Other Voice Search Patents
Instead of digging too deeply into those other patents, I’m just going to list a few of those here so that anyone interested in digging further into voice search can do so. There are more patents that focus on voice search, but I didn’t see any specifically about searching for businesses.
Automatic language model update
Inventors: Michael H. Cohen, Shumeet Baluja, Pedro J. Moreno Mengibar
Assignee: Google LLC (N/A)
US Patent: 9,953,636
Granted: April 24, 2018
Filed: October 9, 2015
A method for generating a speech recognition model includes accessing a baseline speech recognition model, obtaining information related to recent language usage from search queries, and modifying the speech recognition model to revise probabilities of a portion of a sound occurrence based on the information. The portion of a sound may include a word. Also, a method for generating a speech recognition model, includes receiving at a search engine from a remote device an audio recording and a transcript that substantially represents at least a portion of the audio recording, synchronizing the transcript with the audio recording, extracting one or more letters from the transcript and extracting the associated pronunciation of the one or more letters from the audio recording, and generating a dictionary entry in a pronunciation dictionary.
Speech recognition with attention-based recurrent neural networks
Inventors: William Chan, Navdeep Jaitly, Quoc V. Le, Oriol Vinyals and Noam M. Shazeer
Assignee: Google Inc.
Granted: October 24, 2017
Filed: February 26, 2016
Methods, systems, and apparatus, including computer programs encoded on computer storage media for speech recognition. One method includes obtaining an input acoustic sequence, the input acoustic sequence representing an utterance, and the input acoustic sequence comprising a respective acoustic feature representation at each of a first number of time steps; processing the input acoustic sequence using a first neural network to convert the input acoustic sequence into an alternative representation for the input acoustic sequence; processing the alternative representation for the input acoustic sequence using an attention-based Recurrent Neural Network (RNN) to generate, for each position in an output sequence order, a set of substring scores that includes a respective substring score for each substring in a set of substrings; and generating a sequence of substrings that represent a transcription of the utterance.

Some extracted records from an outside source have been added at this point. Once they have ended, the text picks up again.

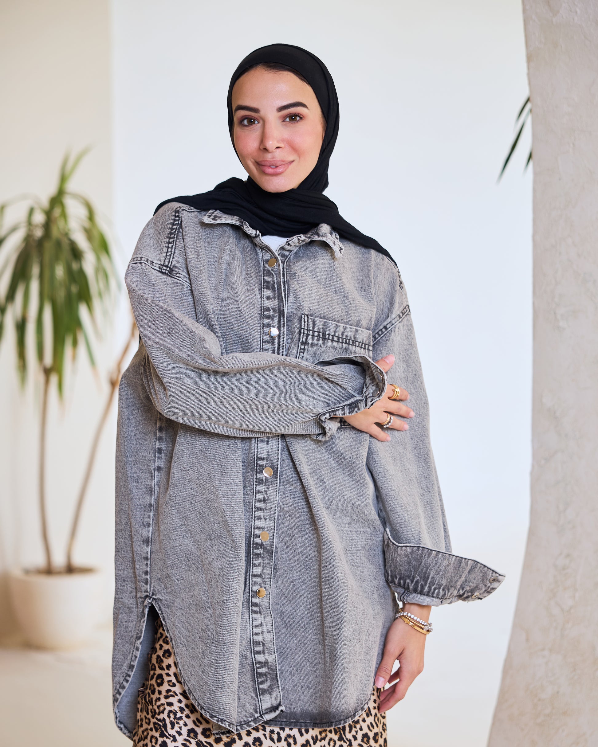 Elevate your casual wardrobe with this Washed Grey Denim Shirt, a perfect blend of edgy style and relaxed comfort. The vintage-inspired grey wash offers a sophisticated alternative to classic blue denim.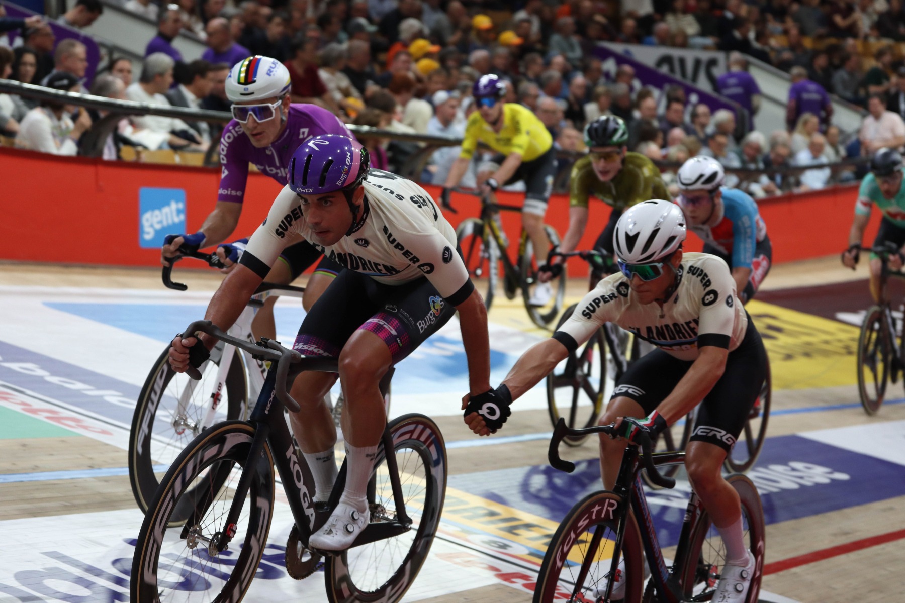 La noche terminó con el dominio de Noah Vandenbranden y Gianluca Pollefliet, los mejores sin duda en las pruebas cronometradas. En la primera parte de la sesión habían ganado la vuelta lanzada (8.459) , para obtener un nuevo triunfo en los 500 metros, con 27.064, el segundo mejor tiempo de la historia en el Kuipke. Más inesperada fue su victoria en la ‘chase’ final, en la que, como los dos días precedentes, no hubo movimiento respecto a las primeras posiciones.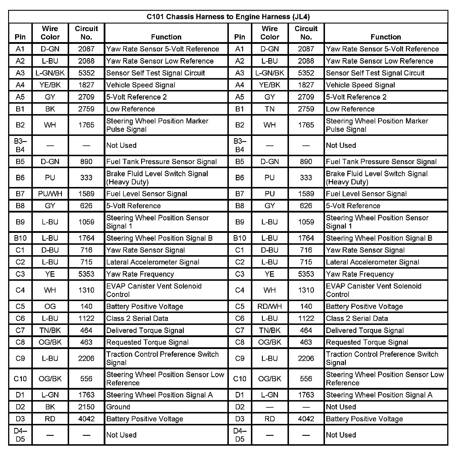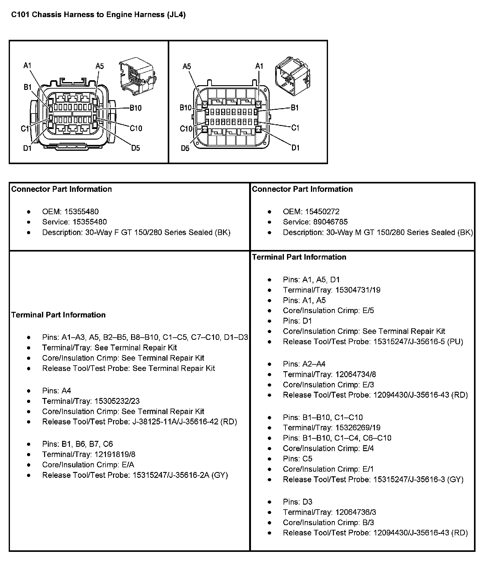 C101 Chassis Harness To Engine Harness (With RPO Code JL4):

Data driven word pronunciation learning and scoring with crowdsourcing based on the word’s phonemes pronunciation scores
Inventors: Fuchun Peng, Francoise Beaufays, Brian Strope, Xin Lei, Pedro J. Moreno Mengibar and Trevor D. Strohman
Assignee: Google Inc.
US Patent: 9,741,339
Granted: August 22, 2017
Filed: June 28, 2013
Methods, systems, and apparatus, including computer programs encoded on a computer storage medium, for determining pronunciations for particular terms. The methods, systems, and apparatus include actions of obtaining audio samples of speech corresponding to a particular term and obtaining candidate pronunciations for the particular term. Further actions include generating, for each candidate pronunciation for the particular term and audio sample of speech corresponding to the particular term, a score reflecting a level of similarity between of the candidate pronunciation and the audio sample, wherein the said score for the particular term is obtained by using a minimum of individual scores of phonemes comprising the term. Additional actions include aggregating the scores for each candidate pronunciation and adding one or more candidate pronunciations for the particular term to a pronunciation lexicon based on the aggregated scores for the candidate pronunciations.